The 2008 stimulus bill and 2009 Recovery Act infused the renewables industries with $65 billion, according to a recent Reznick Group report. With the special benefits in that legislation ending this year, only the PTC would be left to the wind industry.

The Reznick report estimated the wind industry will need over seven billion dollars in tax equity to sustain it. The money is there: Over $137 billion was paid in taxes last year by the 500 biggest U.S. public companies. The inclination is there: Historically, such companies invested in the PTC at about the seven-billion-dollar level, according to Reznick.

The question is whether the current penny-pinching Congress will be willing to continue returning 2.3 cents per kilowatt-hour as a tax credit to investors.

Congress has used the PTC as a political football in the past. When the tax credit was allowed to lapse in 1999, the wind industry’s installed capacity fell 93 percent. When it lapsed in 2001, the drop was 73 percent. The 2003 lapse produced a 77 percent drop.

But this time is different because “the wind manufacturing sector has really grown over the last four or five years,” according to American Wind Energy Association (AWEA) CEO Denise Bode, from “25 percent of our component parts being manufactured in the U.S. to over 60 percent. You have not had the PTC expire at a time when you had such significant [numbers of] manufacturing jobs at stake.”

The uncertain fate of the PTC already has the industry’s supply chain near a turning point, said John Purcell, Vice President for Wind at LeedCo Steel, a provider of steel plating for wind turbines. “I would say by July or August of next year there will be a tremendous amount of uncertainty on what the build schedule will be.” There already is, he added, “a tremendous amount of investment bottled up and manufacturing jobs that could be started quickly to support what would be very good outlook for that 2013-to-2016 timeframe” on hold. “We need to have this done sooner rather than later.”

A bill was recently introduced in the House, H.R. 3307, which would extend the PTC four years. It has bipartisan support, including, Bode said, “12 Republican co-sponsors as well as Democratic sponsors.” In the Senate, she added, “both Senator Grassley (R-IA) and Senator Harkin (D-IA) are taking the lead, because Iowa is one of the top wind manufacturing states in the country and gets over 20 percent of its electricity from wind.”

The bill is also, Bode said, backed by 30 governors, representing both parties. Allies totaling over 370 groups, including the National Association of Manufacturers, the Farm Bureau, the Edison Electric Institute and the United Steelworkers, Bode said, are lobbying hard for it.

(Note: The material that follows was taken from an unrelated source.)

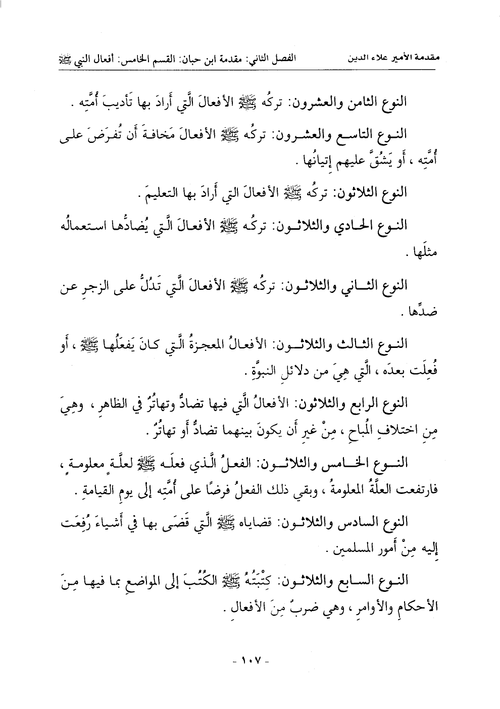 النوع الحادي والثلاثون: تركه صلى الله عليه وسلم الأفعال التي يُضادُّها استعماله مثلها.

But Congress watchers do not expect any such standalone legislation to survive such volatile political times. Normally, an issue with such bipartisan backing could be folded into an end-of-the-year tax extenders package. But this year is not normal.

Many expect the current bickering over the payroll tax, the Keystone XL pipeline and ancillary issues to block progress on more substantive issues. Some say a tax extenders package containing the PTC could be brought up early next spring. But there is no reason to think partisanship will ease before the November Presidential election.

Realistically, the PTC is most likely to be extended, if at all, at the very end of 2012, in a lame duck session similar to the one at the end of 2010 that led to landmark compromises.

Navigant did not account for what might happen if the industry goes the entire year with the PTC on hold. Industry insiders expect a year of frantic early activity with the industry slowing toward numbers in the study’s “no-extension” scenario in 2013. Navigant makes chillingly clear what 2013 and beyond will look like if the PTC does not make the December 2012 cut.

“It’s different this time,” Bode stressed, “because we are scaling up right now to a point that we’re actually reducing the cost of wind energy. It is one of the most competitive sources of energy out there. If we are allowed to finish the job, then we can produce on a very competitive basis. We’re not asking for permanent support forever. We just want to finish the job.”